Should Base Metal Miners Follow Petropavlovsk's Lead?

| About: Petropavlovsk PLC (PPLKF)

By Stuart Burns

Another argument (for what we began laying out in Part One of this article) is that gold producers are still making a margin, even at current levels.

Back to Reuters, which quoted metals consultancy GFMS’ estimates that producers’ average cash costs rose to a new high of $727 an ounce in the first half of 2012, up 19 percent year-on-year.

The average all-in cost of production was estimated to have risen to $1,050 an ounce.

Rising wage bills, energy costs and falling ore grades are mostly to blame, although it is said some miners switched to lower ore grades as prices rose and have the ability to switch back to slightly richer seams as prices fall, maintaining an internal cost-adjustment mechanism.

If that is the case, costs per ounce may not rise so fast now that we have a lower market price environment.

Those silver miners that chose to hedge apparently used options, rather than selling their future production at fixed prices and exposing themselves to painful margin calls if prices kept rising.
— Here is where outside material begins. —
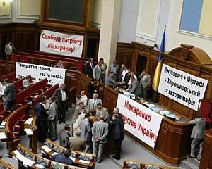 Также в сессионном зале размещены плакаты с надписями: "Свободу патриоту Макаренко!", "Янукович Фирташ Хорошковский = газовая мафия".

Under a typical “collar” option strategy, the miners guaranteed a minimum price for their metal in exchange for capping the potential gains if prices rose dramatically.

The exception among gold miners appears to be Peter Hambro’s Petropavlovsk (OTC:PPLKF), the mid-cap gold miner with a focus on Russia, which hedged just under half its production earlier this year at a price of $1,663 a troy ounce – well above current prices of $1,350. The firm explained that its high gearing (debt levels) and committed capex meant it made sense to guarantee income in a volatile market.

So if this works for silver producers and for Petropavlovsk (and show me a miner of any metal who doesn’t have high debt levels and a committed capex program), why aren’t more miners of, say, base metals doing the same?

Well, it seems a few of them are.

Nyrstar (OTC:NYRSF), the world’s largest zinc producer, last month announced it had guaranteed minimum zinc prices of $2,100 a metric ton for the rest of the year for some 60% of its mined zinc output; late last week, 3-month zinc was trading at $1,873.

It’s possible that some others may have done the same; often it comes out in annual reports rather than miners making a song and dance about it at the time. For any that haven’t – and that’s probably the majority – they have likely missed the boat.